> **Exercise data**
○ ○ ○

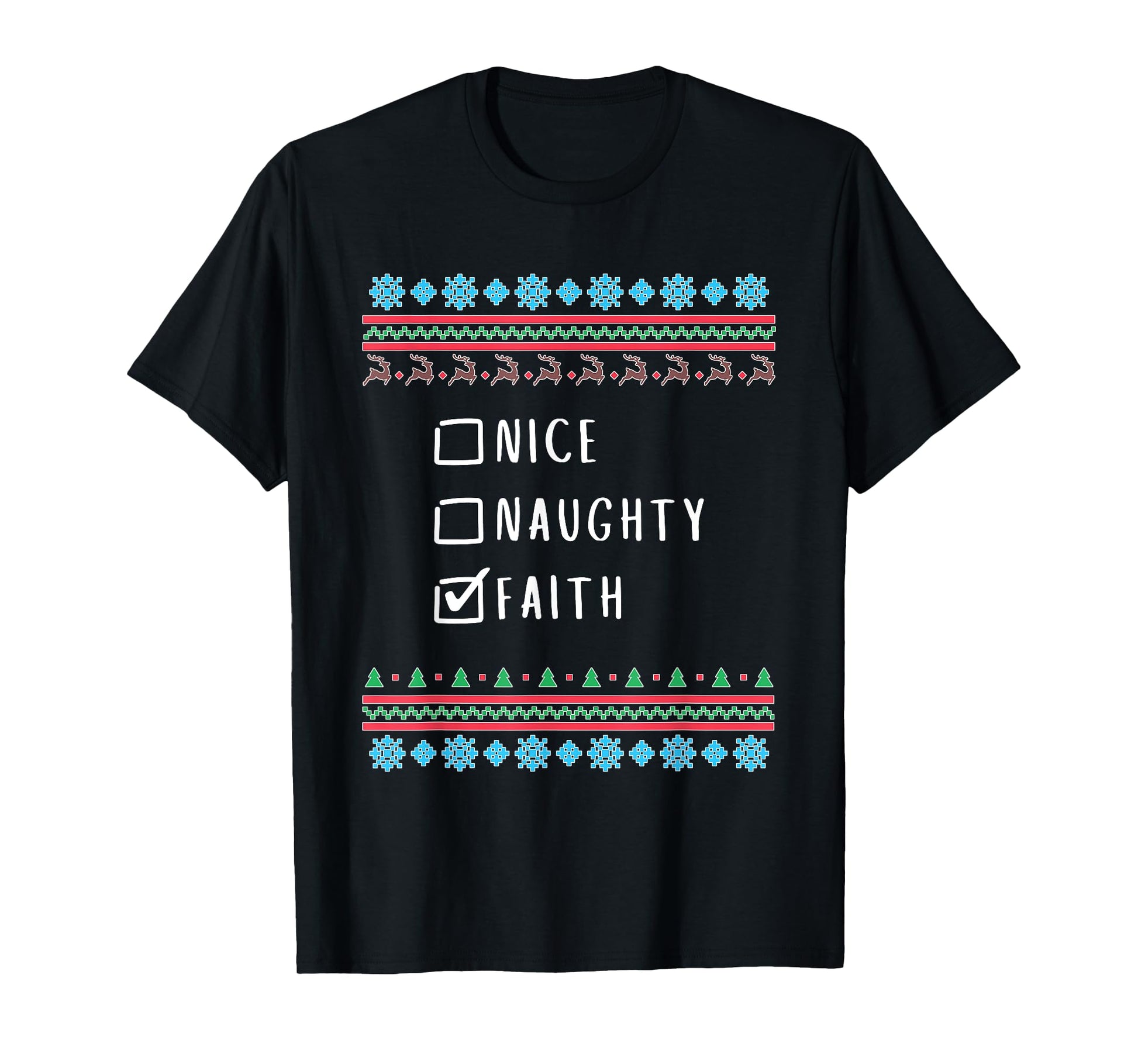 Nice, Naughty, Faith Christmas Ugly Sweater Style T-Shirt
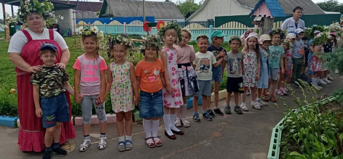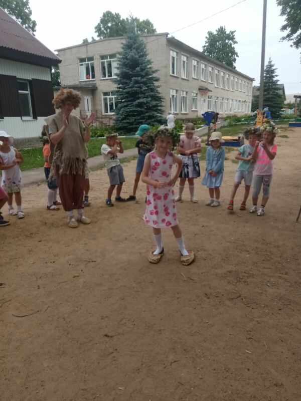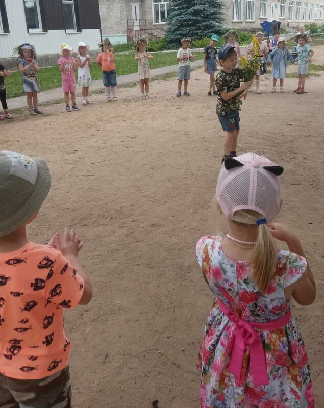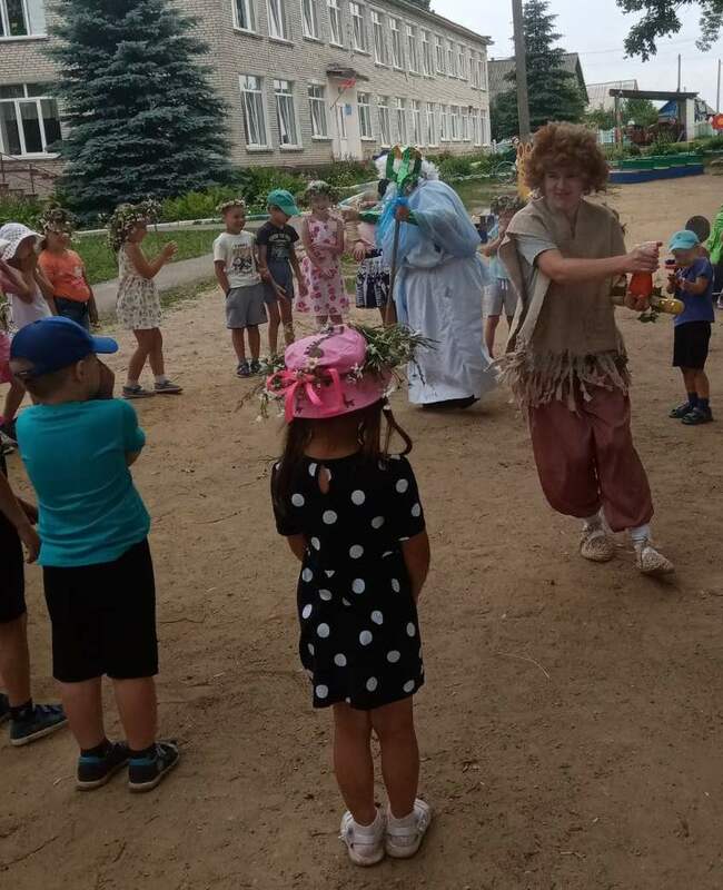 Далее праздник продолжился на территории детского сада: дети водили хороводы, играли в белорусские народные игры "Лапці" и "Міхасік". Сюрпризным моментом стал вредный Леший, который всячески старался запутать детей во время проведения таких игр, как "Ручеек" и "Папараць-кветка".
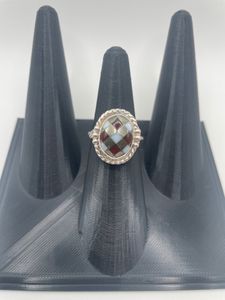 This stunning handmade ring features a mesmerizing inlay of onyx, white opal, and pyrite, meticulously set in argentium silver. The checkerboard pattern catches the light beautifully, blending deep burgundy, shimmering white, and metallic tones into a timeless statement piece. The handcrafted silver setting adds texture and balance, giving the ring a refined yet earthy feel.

○ ○ ○

> **Your instructions**
Only an exact copy is needed: the lines from the opening of the listing through the line with "Далее праздник продолжился", both included, minus the pictures.

> **Result of this exercise**
 Nice, Naughty, Faith Christmas Ugly Sweater Style T-Shirt
 Далее праздник продолжился на территории детского сада: дети водили хороводы, играли в белорусские народные игры "Лапці" и "Міхасік". Сюрпризным моментом стал вредный Леший, который всячески старался запутать детей во время проведения таких игр, как "Ручеек" и "Папараць-кветка".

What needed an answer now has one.